In fact almost nothing is in place, distressingly so. If and when GB qualify there is then the small matter of preparing that team for what everybody agrees is both a massive challenge and an opportunity. Where are GB going to get meaningful opposition or do they seriously believe they can do the Lions thing and just pitch up with the minimum or preparation and rely heavily on natural genius and camaraderie.
Remind me how many series have the Lions actually won in the last 100 years for all their wonderful efforts?
Great Britain could try and stage a number of invitation “Masters” tournaments inviting the top eight or 12 teams from around the world – Francis Baron was having a serious look at this before he stepped down – but why should the other top nations help GB? The only reason I can think of is dosh, there would have to be a financial incentive so that would have to be factored into the organising of any such tournaments.
Perhaps GB could muster in disguise as an invitation all-stars “club” team in the Sevens series although that would require Premiership Rugby to play ball, which is far from a given.
The blindingly obvious thing to do would be for England, Wales and Scotland Unions to waive their rights to enter national teams in the 2015-16 World Series and field a GB team throughout the ten legs but that would require a level of co-operation never previously seen by the normally warring tribes.
It would also disrupt their own national Sevens programmes for a season but then again if Sevens is to have a long term Olympic future this problem won’t be going away anytime soon.
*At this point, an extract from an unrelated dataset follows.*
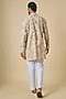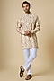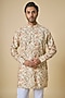 Featuring a beige kurta for boys in blended silk base with floral print. It is paired with white cotton pants. Style it with kolhapuri sandals and a watch for festive occasions, pooja or cultural celebrations.

A template needs to be found. By the way I’m not even considering, for a moment, what happens down the line for 2020 Games if Scotland votes for independence.
If a GB team could be formed for the World Series that would be the point at which some of the big names in British rugby who have expressed an interest in the Olympic Sevens, would have to front up and prove their allegiance to the programme by negotiating lengthy periods of absence from their clubs at vital stages of the season.
I know of at least three stellar names in British rugby who are seriously considering doing whatever it takes to be part of a GB squad but as with many players whose contracts are tied into World Cup cycles, they will be looking at future contractual arrangements early next year and desperately need some hard information to go on.
At the moment they still have nothing concrete to go on and the feeling persists that if we don’t get organised sooner rather than later the 2016 Olympics could rather pass GB by.
Rugby 15s perished as an Olympic sport in 1924 due largely to a lack of support from the Home Unions which was unforgiveable really considering that the Games founder Baron de Coubertin was a massive rugby fan and international referee, taking charge of France’s first ever Test in 1906.
He had fought against dissenters to keep rugby within the Olympics but eventually gave it up as a lost cause. The 2016 Rugby Sevens tournament will be a success whatever but a well-founded GB team firing on all four would add so much to an occasion when rugby needs to be seen in the best possible light.